The auto-lending enforcement action requires Fifth Third to change its pricing and compensation system to minimize the risks of discrimination, and to pay $18 million to harmed African-American and Hispanic borrowers.

The CFPB’s action against Fifth Third’s deceptive marketing of credit card add-on products requires the bank to provide an estimated $3 million in relief to eligible harmed consumers and pay a $500,000 penalty.

“We are committed to promoting fair and equal access to credit in the auto finance marketplace,” said CFPB Director Richard Cordray. “Fifth Third’s move to a new pricing and compensation system represents a significant step toward protecting consumers from discrimination. We are also obtaining millions of dollars in relief today for consumers affected by deceptive marketing of credit add-on products.”

"Indirect" Auto-Lending 

Fifth Third is what is known as an "indirect" auto lender, meaning that it is not a "captive" auto lender like Volkswagen Credit or Toyota Finance.

Dealers often prefer to place loans through indirect lenders, like banks, instead of through their captive lenders, primarily because they are able to mark up the interest rate. In Fifth Third's case, the CFPB said it marked up consumers' interest rates by as much as 2.5 percent.

Auto loans are the third-largest source of outstanding household debt in the United States, after mortgages and student loans, so an increase of that size can make a big difference in a family's budget.

Investigators said they found that Fifth Third's practices resulted in minority borrowers paying higher dealer markups, without regard to the credit-worthiness of the borrowers.

Under the proposed order entered in U.S. District Court, Fifth Third must allow dealers to mark up the interest rate by only 1-1.25%. 

Fifth Third will pay $12 million into a settlement fund that will go to harmed African-American and Hispanic borrowers whose auto loans were financed by Fifth Third between January 2010 and September 2015. They will hire a settlement administrator to distribute funds to victims. 

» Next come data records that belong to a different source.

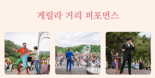 가수 백지영, 울산시립교향악단의 개막행사를 시작으로 정동하, 왁스, 이현, 박창근, 박학기, 서도밴드, 유리상자, 금난새, 뉴월드 챔버오케스트라 등 매일 유명 아티스트들의 화려한 공연이 펼쳐집니다. 자세한 공연 일정과 장소는 아래 '장미축제 공연일정 / 출연 아티스트'을 클릭해서 확인하실 수 있습니다.
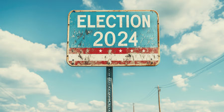 Election 2024 vintage road sign with blue sky and white clouds background
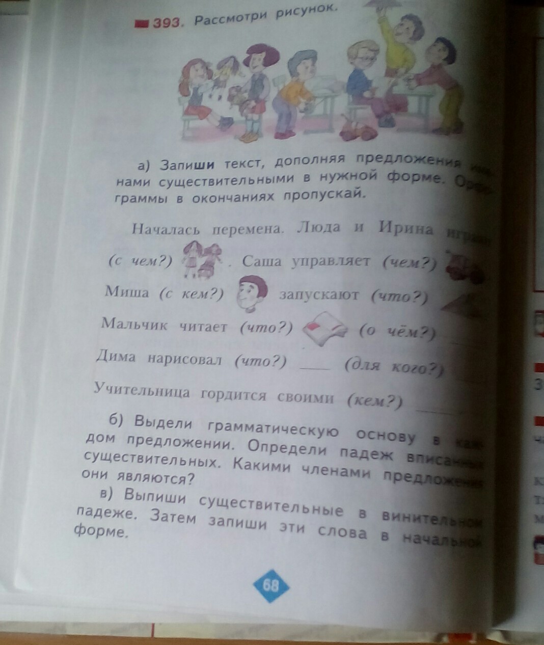 запиши текст,дополняя предложения именами существительными внужной форме.Орфограммы в окончания пропускай

“We commend Fifth Third for its commitment to treating all of its customers fairly without regard to race or national origin and its leadership in agreeing to impose lower caps on discretionary markups,” said Principal Deputy Assistant Attorney General Vanita Gupta, head of the Civil Rights Division. “This agreement shows that the indirect auto lending industry is moving toward a model of dealer compensation that fairly compensates dealers for their work related to loans, while limiting the dealer markup that leads to discriminatory pricing.”